Александр Победоносцева не одобрял. Тот противился решительно всему — даже самым слабым послаблениям. А слово «Конституция» предавал анафеме, объявляя его дьявольским измышлением, идущим от богопротивных французов, отрубивших голову своему королю и его супруге.
Император решил пройтись пешком от Зимнего до Мраморного, благо путь был ближний. На этот раз его сопровождала усиленная охрана во главе с верным Рылеевым, плотно прикрывшая особу государя от прохожих. Это было Александру не по душе.
— Саша, столь великие предосторожности напрасны, — говорил он Рылееву, — про этот выход в неурочное время никто не может знать
— Бережённого Бог бережёт, Ваше величество, — почтительно отвечал Рылеев, и Александр невольно соглашался.
Был обычный петербургский серый день. Нева тяжело лежала меж своих берегов, лениво катя свинцовые воды. Столь же лениво колыхались на ней баркасы и парусники, словно бы никуда не торопясь. Петропавловская крепость и соборный шпиль гляделись с Дворцовой набережной как сквозь кисею. Ветер улёгся где-то вдалеке, как видно дожидаясь своего часа. Барашки и оторвавшиеся от них завитки облаков плыли в одном направлении, мало-помалу сливаясь, густея и уплотняясь. Дело шло к дождю.
Завидев государя в окружении свиты, одни прохожие останавливались, снимали шляпы и низко кланялись, другие же продолжали идти как ни в чём не бывало и только с известной независимостью приподымали шляпу с поклоном. «То был наверно нигилист, — думал в таких случаях Александр. — Нигилистов, оказалось, было немало. Прежде пред батюшкой, при его проходе падали ниц. Может, это и чрезмерно, однако кто станет отрицать, что народ развратился свободою, и в этом, разумеется, виноват в некотором роде я сам. Но с другой стороны, времена нынче переменились радикально: иное время иные песни. Кто мог бы искусственно сдерживать движение прогресса? Европа является пред нами великой искусительницей. Она всё более и более втягивает нас в свою орбиту. Мы не можем отгородиться от неё, как призывает нас Победоносцев, равно от её победительных влияний и идей. Вот что следует сказать там, в Мраморном дворце...»

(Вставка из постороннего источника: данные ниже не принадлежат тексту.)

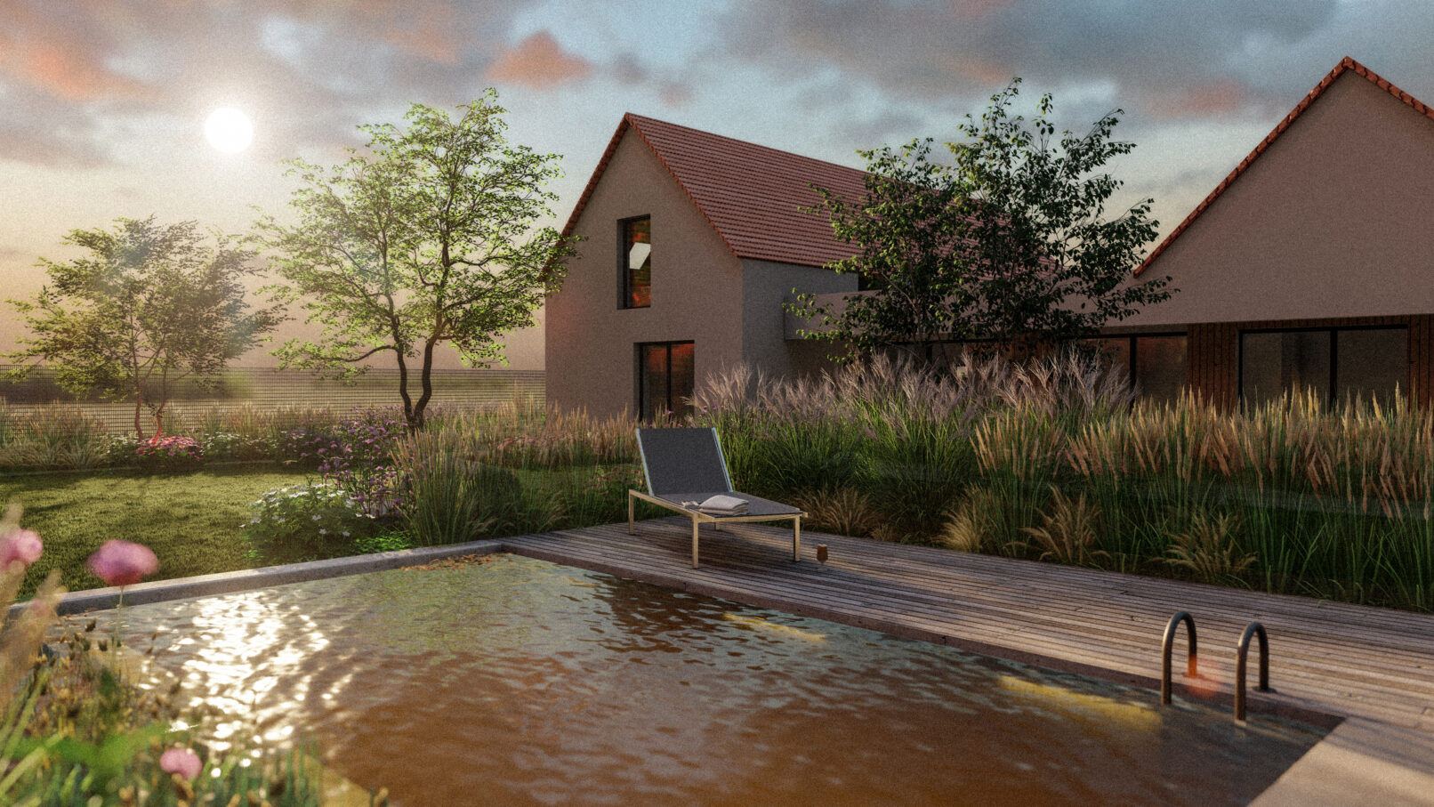Velký rovný pozemek se citlivým členěním proměnil na příjemnou zahradu s mnoha rozmanitými zákoutími a průhledy. Před vstupem vzniká intimní prostor malého dvorku s průhledem skrz dům a přes rozlehlou terasu do zahrady. Jak je v kraji rybníků dobrým zvykem, i v této zahradě se objevuje voda v různých podobách. Pobytové zahradě dominuje koupací biotop a vodní ochlazovací prvek je také ve wellness zóně.

Но он ничего не сказал. Говорили другие. Удивил цесаревич Александр, наследник престола, старший сын. На прежних совещаниях такого рода он противился с обычной своей ленцой всякого рода начинаниям, от которых попахивало чем-то новым. На этот же раз Саша — Александр всё ещё именовал его по-домашнему, хотя он был давно в супружестве с дочерью короля датского Софией-Фридерикой-Дагмарой, нареченной при святом миропомазании Марией Фёдоровной и успел уже наградить своего отца внуками Николаем, Георгием, Михаилом и Ксенией, с которой Александр время от времени любил повозиться, — так вот на этот раз Александр решительно воспротивился всем предложениям, исходившим от Лориса и даже от Валуева. Ему внимали, к нему прислушивались, видя в нём будущего императора. Да и тон его был решителен. Настолько, что никто не решился ему возражать, понимая бесполезность возражений.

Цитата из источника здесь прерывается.